--- WHAT THE TASK REQUIRES ---
With the pictures left out, transcribe exactly the lines from the one with "Samsung Galaxy S25" through the end of the data.

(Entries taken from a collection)
Content starts

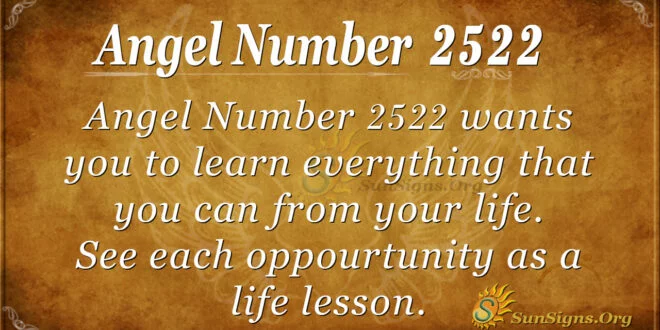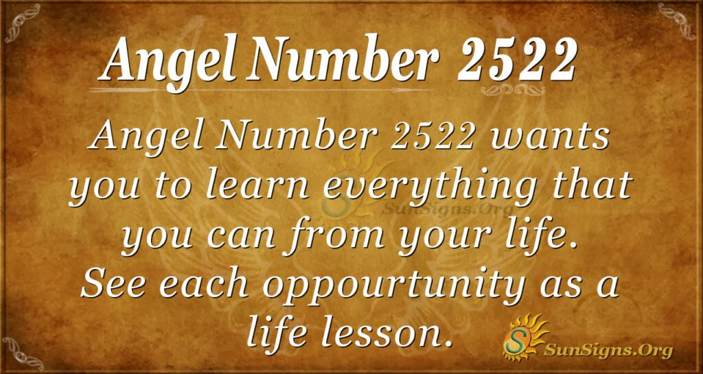 Divine Number 2522 wants you to make sure you will learn everything you can from your life, all of the parts waiting for you to benefit from them. See each opportunity as a life lesson, essentially.
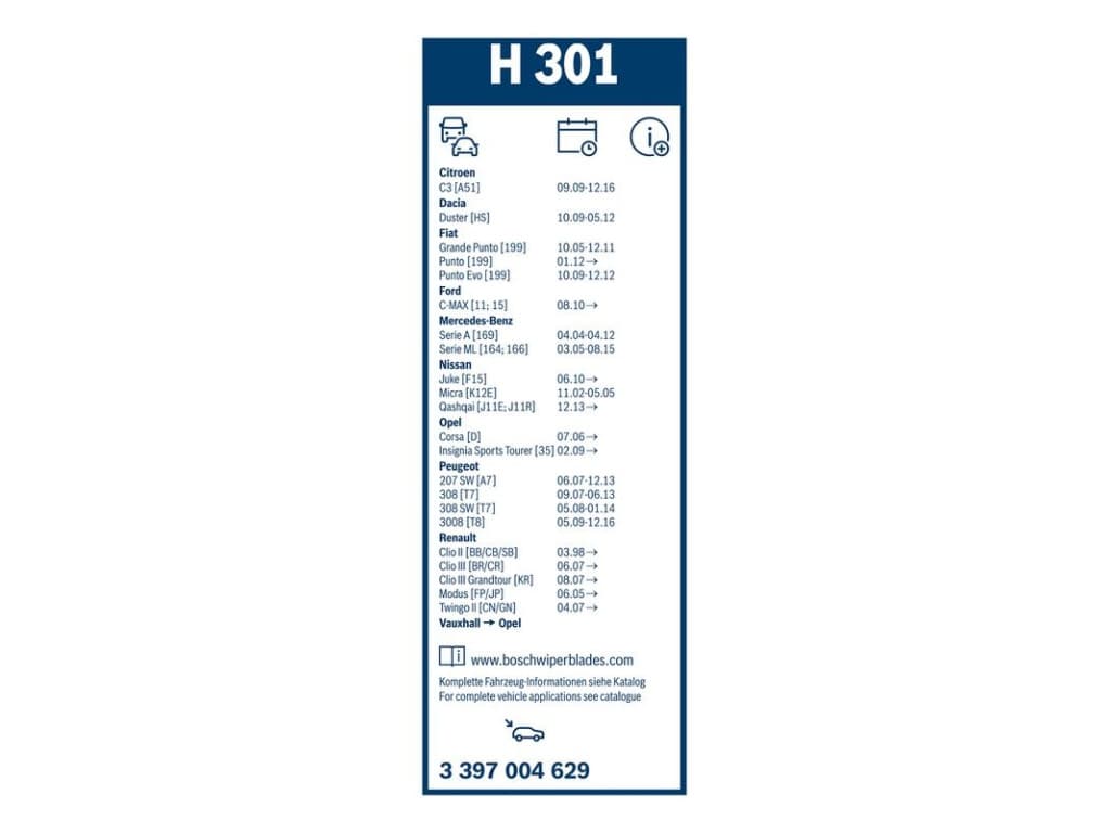 Paquete económico de escobillas limpiaparabrisas Bosch A295S + H301
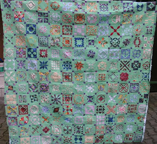 Finally I have patched all blocks of my Flower Jane and sewn them together. One more milestone completed! As I patched all blocks by hand applying the English paper piecing method, I have to take off all the paper now. Crazy and awful work that I don´t like at all. The quilt needs to be finished until November, therefore I will not sew all the triangles as Jane A. Stickle has done in her famous quilt, but I will use plain triangles for the borders.
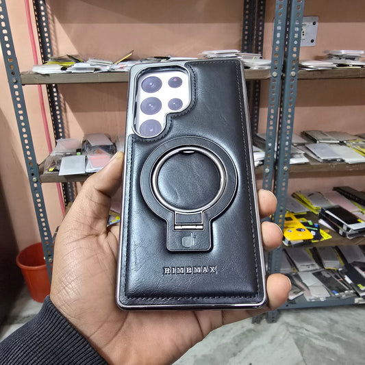 Samsung Galaxy S25 Ultra Leather Case, Premium PU Leather Case with Invisible Stand Magsafe Case - Black
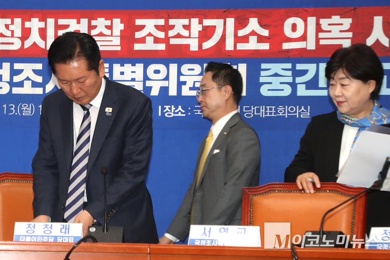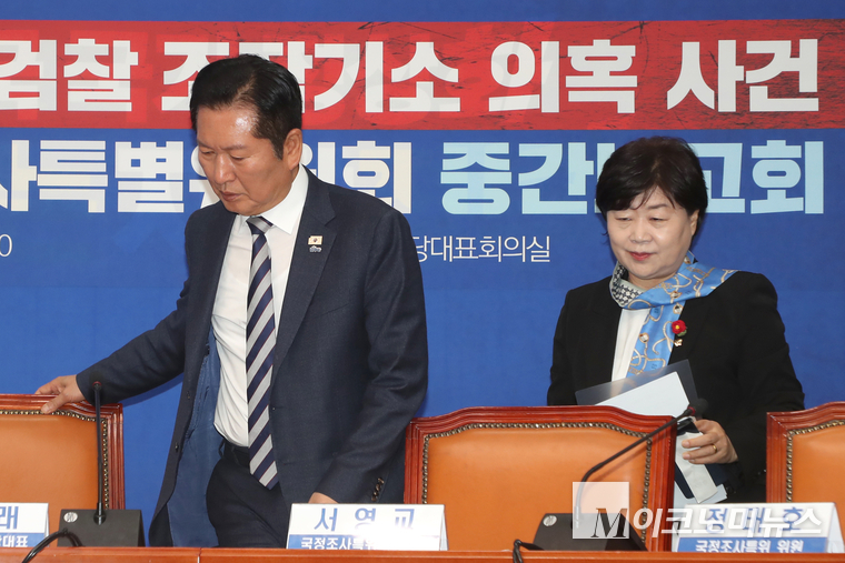 「M포토」 ‘조작기소 국조특위’ 보고회 참석하는 정청래-서영교
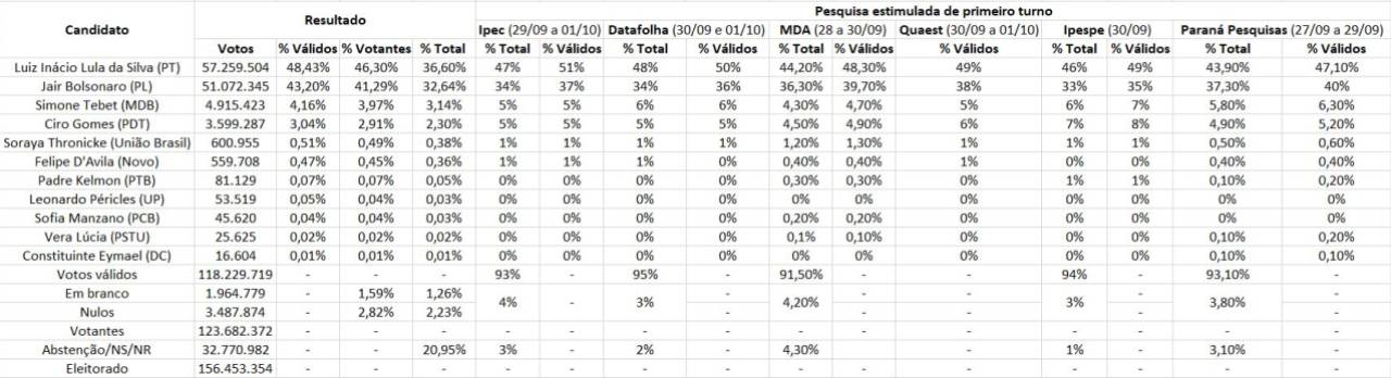 Para votos totais, as indicações dos institutos para Lula variaram de 43,90% (Paraná Pesquisas) a 48% (Datafolha) – ou seja, de -2,4 a +1,7 pontos em relação ao resultado das urnas, desconsiderando abstenções, ou de +7,3 a +11,4 pensando no universo de eleitores aptos a votar.

Content ends

--- TASK OUTPUT ---
 Samsung Galaxy S25 Ultra Leather Case, Premium PU Leather Case with Invisible Stand Magsafe Case - Black
 「M포토」 ‘조작기소 국조특위’ 보고회 참석하는 정청래-서영교
 Para votos totais, as indicações dos institutos para Lula variaram de 43,90% (Paraná Pesquisas) a 48% (Datafolha) – ou seja, de -2,4 a +1,7 pontos em relação ao resultado das urnas, desconsiderando abstenções, ou de +7,3 a +11,4 pensando no universo de eleitores aptos a votar.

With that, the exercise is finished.